We developed a multi-layered AI-driven contact extraction system with four core models and a supporting back end:
●
Discovery model
This is a custom-built statistical ML model that searches for relevant webpages within corporate websites. It assigns a relevance score to each webpage, ensuring only meaningful sources are processed.
●
Dual LLM field extraction pipeline
These LLM models extract personal details like names, job titles, phone numbers, and LinkedIn profiles. For highly relevant, information-intensive sites, we integrated a SOTA proprietary LLM for maximum accuracy. For the other websites, we use a compact LLM (<1B parameters) that our team fine-tuned to achieve near-optimal performance while being more computationally efficient.
●
Classification & filtering model
This is another ML model that we built from scratch. It filters out irrelevant contacts (e.g., guest lecturers, contractors, trainers) to ensure only permanent corporate employees are included.
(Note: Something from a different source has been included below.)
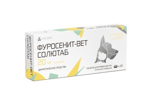 Показания к применению: Фуросенит-вет Солютаб применяют кошкам и собакам при отечном синдроме различной этиологии, в том числе: при хронической сердечной и почечной недостаточности, при нефротическом синдроме, при заболеваниях печени, при тяжелых формах артериальной гипертензии, при других заболеваниях, сопровождающихся отеками.

This model also assigns a configurable relevance score to each contact, and only entries with a score higher than a specified threshold become a part of the final output.
●
Back end & infrastructure
We built a secure API to manage the interaction between the web crawler and AI models. Our team also adapted the client’s web crawler to scan the corporate websites that permit data sharing and assist our AI models with data extraction.
To train these models, we aggregated, cleaned, and annotated a high-volume dataset of corporate websites. To accelerate data labeling, we used a proprietary LLM to assist with preliminary annotations, which human experts then validated and improved.